2. Set Motivating & Rewarding Goals

  • Set clear goals yearly, monthly, weekly & daily that Motivate You
  • Set SMARTER Goals
  • Set Your Goals in Writing
  • Ensure that you have all the necessary tools to achieve your goals.
  • Resolve to be a top performer.

3. Develop Plan & Strategies to Achieve Your Goals

  • Always Plan Ahead
  • Make a Productive Action Plan
  • Prepare & Use A Daily / Weekly-Planning Calendar
  • Always Work from a List
  • Schedule Essential Daily Activities
  • Commit Your Undivided Attention to One Thing at a Time
  • Be Persistence

4. Priotitize Tasks Effectively

  • Organize Activities & Execute based on Priorities
  • Establish Priorities on A Daily “To Do” List
  • Focus on Your Priorities
  • Eliminate or Drop Tasks That Do Not Benefit You
  • Start the Day with One High-Leverage Activity as The Single Priority, Your ‘Task of The Day’

The 80/20 or Pareto’s Principle says that the most important things carry the highest marks or values. Thus, if you have 10 things to do and done the 2 most important tasks first, you have achieved 80 percent effectiveness.

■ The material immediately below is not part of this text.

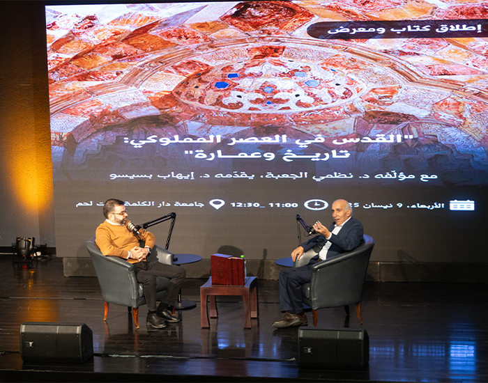 أطلقت كل من جامعة دار الكلمة، ومؤسسة التعاون، والمتحف الفلسطيني كتاب "القدس في العصر المملوكي: تاريخ وعمارة"، لمؤلّفه الدكتور نظمي الجعبة، خلال ندوة ثقافية أقيمت في مسرح جامعة دار الكلمة في مدينة بيت لحم، وقد رافق الإطلاق معرض للقيّم إياد عيسى بعنوان "القدس المملوكيّة"، مستوحى من فصول الكتاب، يستعرض أكثر معالم القدس أهمية في ذلك العصر، عبر مجموعة من الصور والخرائط والمخطّطات.

5. Create A Motivating & Productive Work Environment

  • Organize Your Work Space, Your Documents & Resources – Make Sure Everything Has a Place!
  • Be Appreciative.
  • Display confidence.

6. Use Time Management Tools & Techniques Effectively

  • Use an Organizer
  • Start Your Day with the Most Important Work
  • Do Tasks in Groups
  • Delegate to Accomplish More in Little Time
  • Plan Your (Sales) Calls Effectively
  • Avoid Distractions at Productive Times
  • Utilize Travel Time Effectively
  • Remember to Take Breaks
  • Perform a Weekly Review to help make sure you focus your time on important tasks.

7. Identify & Eliminate Time Wasters

  • Say No to Non-Essential
  • Stop Procrastinating
  • Give Yourself Uninterrupted Time
  • Prevent Perfectionism
  • Avoid Excessive Contact with Negative People
  • Improve Your Concentration
  • Do it quickly!
  • Simplify and automate. Build and implement simple, standard procedures.
  • Schedule your most meaningful work for times when you feel most productive.
  • Do low-value activities when your energy is low.
  • Watch the clock. It’s your time, not theirs, so stay conscious of time passing.
  • Allocate time. State how long you can spend and stick to it!
  • Be Efficient and Effective. Efficiency is getting a lot done in a short time. Effectiveness happens when you focus on activities that are important to you.

8. Look Well After Your Health, Fitness & Life-Balance

  • Resolve to be healthy, trim & fit!
  • Develop Healthful Eating Habits
  • Get Enough Sleep Every Night
  • Build A Fitness Program into Your Day
  • Manage Your Work / Life Balance

9. Reward Your Achievements

Choose the reward before you start both for small and large achievements and use it to move you forward particularly when overcoming an obstacle.

Rewarding yourself will encourage you to keep persevering and focusing on winning. This will help maximize the use of your time and productivity.

For example, you can choose to do something that you really would want to do it yourself such as organizing your room, taking a good rest or learn a new skill.